TOP 10 Countries by Nurses per 1,000 (2025)
Updated: April 8, 2026
The number of nurses and midwives per 1,000 people is one of the clearest staffing-capacity indicators in healthcare. High nurse density usually supports safer patient-to-nurse ratios, stronger preventive care, more resilient primary care and better surge capacity during crises. The block below focuses on the countries with the highest latest reported nurse-and-midwife density and explains what sits behind those very high ratios.
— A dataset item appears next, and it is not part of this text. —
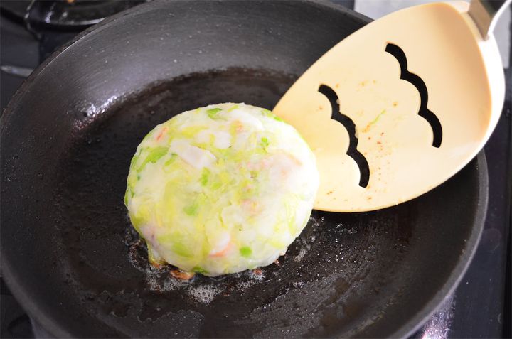ホロっと崩れやすいので、フライ返しなどでやさしく返します。

Methodology: how the ranking is built
Indicator definition
The core metric is nurses and midwives per 1,000 people, published by the World Bank as indicator SH.MED.NUMW.P3. The WHO equivalent is usually expressed per 10,000 population. The numerator is a headcount of nurses and midwives; the denominator is the population estimate for the same reporting year.
Data year and source logic
Countries do not report on one synchronized timetable. There is no single 2025 census for this indicator. This ranking is therefore a latest available comparative snapshot, not a single-year census table. The rows kept here are the more defensible visible entries in the current WHO / World Bank layer after removing older legacy observations that would otherwise make the top list look more current than it really is.
Processing and rounding
Values are shown as reported in the comparative layer and rounded to one decimal place. No full-time-equivalent adjustment is applied. Countries with missing or clearly non-comparable data are excluded from the visible list.
Limitations
Four caveats matter for interpretation:
- Headcount is not FTE. A country with many part-time nurses can look stronger than its effective staffing capacity.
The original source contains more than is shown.